I have not looked at the code, but I assume that the compression state is
maintained for the whole life of the communication channel, which is what
gives the best results.

Have you tried to use SSL_COMP_add_compression_method() also?

Cheers,

Eric Le Saux
Electronic Arts



-Original Message-
From: Pablo J Royo [mailto:[EMAIL PROTECTED]] 
Sent: Wednesday, November 27, 2002 12:27 AM
To: [EMAIL PROTECTED]
Subject: Re: OpenSSL and compression using ZLIB


I have used ZLIB in several projects, but my knowledge of it it´s not as
deep as yours, but...aren't you talking about a simple BIO for compressing
data?.(Or,probably, I missed something in this discussion thread?)
I think the BIO would mantain the context (as z_stream struct of ZLIB do)
among several calls to BIO_write/read, so if you want to compress
communication data you have to chain this zBIO with a socket BIO.
Some disccusion and solution on this can be found here

http://marc.theaimsgroup.com/?l=openssl-devm=99927148415628w=2

I have used that to compress/cipher/base64 big files with chained BIOs (and
a similar implementation of zBIO showed there) and it works, so may be it
would work one step more with sockets BIOs.


- Original Message -
From: Le Saux, Eric [EMAIL PROTECTED]
To: [EMAIL PROTECTED]
Sent: Tuesday, November 26, 2002 7:24 PM
Subject: RE: OpenSSL and compression using ZLIB


 Again I want to clarify this point: the issue is in the way ZLIB is used
by
 OpenSSL, not in ZLIB itself.  The compressor's state is built and
destroyed
 on every record because OpenSSL uses ZLIB's compress() call, which in turn
 calls the lower-level deflateInit(), deflate() and deflateEnd() functions.

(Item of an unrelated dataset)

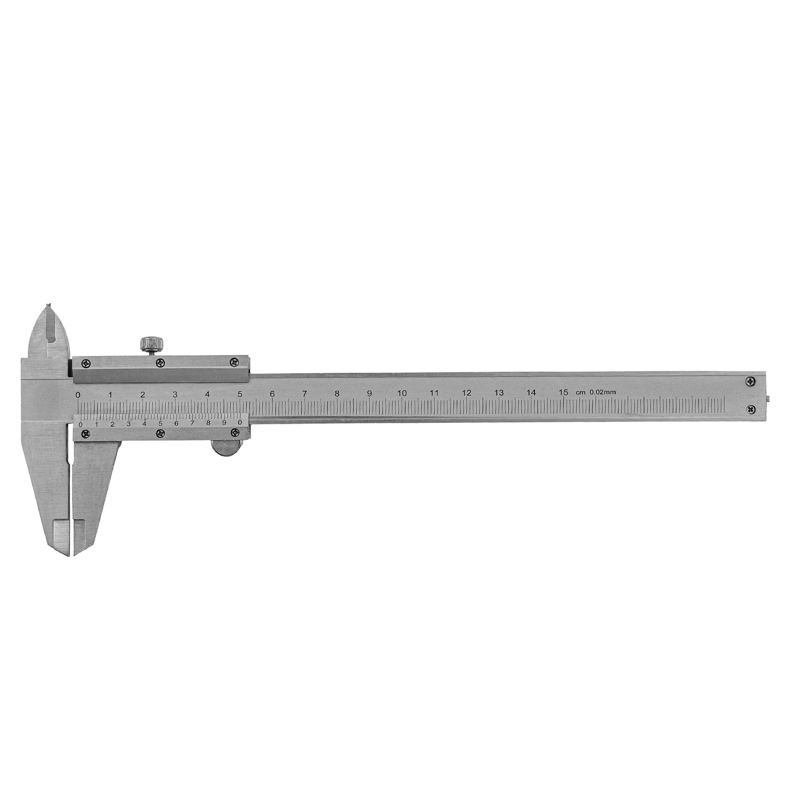 Металлический штангенциркуль с глубиномером Matrix 316315, 150 мм, со значением отсчета по нониусу 0,02 мм, используется для быстрого определения размеров внутри и снаружи деталей, а также глубин отверстий и канавок — для этого предусмотрен глубиномер. Погрешность составляет ±0,02 мм при измерении размеров до 100 мм, и ±0,03 мм — свыше 100 мм. Измерительный инструмент используется в токарном, слесарном деле, будет полезен на производственном предприятии, а также дома или в гараже.

 This ensures that the records are compression-independent from one
another,
 and the initial question that started this thread was about the existence
of
 any requirement in the definition of SSL that required such independence.

 Most people discussing this point here do not believe there is such a
 requirement, but I am not sure if we have a definitive opinion on this.
 Some standards body will have to address that.

 One thing is sure though: for specific applications where client and
server
 are under the control of the same developers, it does make sense to use
ZLIB
 differently when it is definitely known that the underlying protocol is
 indeed reliable.  That is why I am currently testing a very small addition
 to OpenSSL's compression methods that I called streamzlib (I am
considering
 another name suggested yesterday on this mailing list).  Some preliminary
 tests with ZLIB showed that I can go from 2:1 compression factor to 6:1.

 For completeness I must also say that for specific applications,
compression
 can be done just before and outside of the OpenSSL library.  My personal
 decision to push it down there is to avoid adding another encapsulation
 layer in that part of our code that is written in C.

 Now when compression within SSL matures, it will be necessary to have more
 control over the compressor's operation than just turning it on.  In ZLIB
 you have the choice of 10 compression levels which trade-off between
 compression quality and speed of execution.  There are other options that
 you could set, such as the size of the dictionary that you use.  Future
 compression methods supported by SSL will probably have their own
different
 set of options.

 All this will be an excellent subject of discussion in some SSL standard
 committee.

 Cheers,

 Eric Le Saux
 Electronic Arts

 -Original Message-
 From: Howard Chu [mailto:[EMAIL PROTECTED]]
 Sent: Monday, November 25, 2002 9:01 PM
 To: [EMAIL PROTECTED]
 Subject: RE: OpenSSL and compression using ZLIB

  -Original Message-
  From: [EMAIL PROTECTED]
  [mailto:[EMAIL PROTECTED]]On Behalf Of Le Saux, Eric

  In the current implementation of OpenSSL,
  compression/decompression state is
  initialized and destroyed per record.  It cannot possibly
  interoperate with
  a compressor that maintains compression state across records.  The
  decompressor does care, unfortunately.

 This is surprising. I haven't looked at the code recently, but my
experience
 has been that a special bit sequence is emitted to signal a dictionary
 flush.
 I haven't tested it either, so if you say it didn't work I believe you.
But
 plain old LZW definitely does not have this problem, the compressor can do
 whatever it wants, and the decompressor will stay sync'd up because it
 detects these reset codes.

   -- Howard Chu
   Chief Architect, Symas Corp.   Director, Highland Sun
   http://www.symas.com   http://highlandsun.com/hyc
   Symas: Premier OpenSource Development and Support

 __
 OpenSSL Project http://www.openssl.org
 Development Mailing List   [EMAIL PROTECTED

RE: OpenSSL and compression using ZLIB

2002-11-26 Thread Le Saux, Eric
Again I want to clarify this point: the issue is in the way ZLIB is used by
OpenSSL, not in ZLIB itself.  The compressor's state is built and destroyed
on every record because OpenSSL uses ZLIB's compress() call, which in turn
calls the lower-level deflateInit(), deflate() and deflateEnd() functions.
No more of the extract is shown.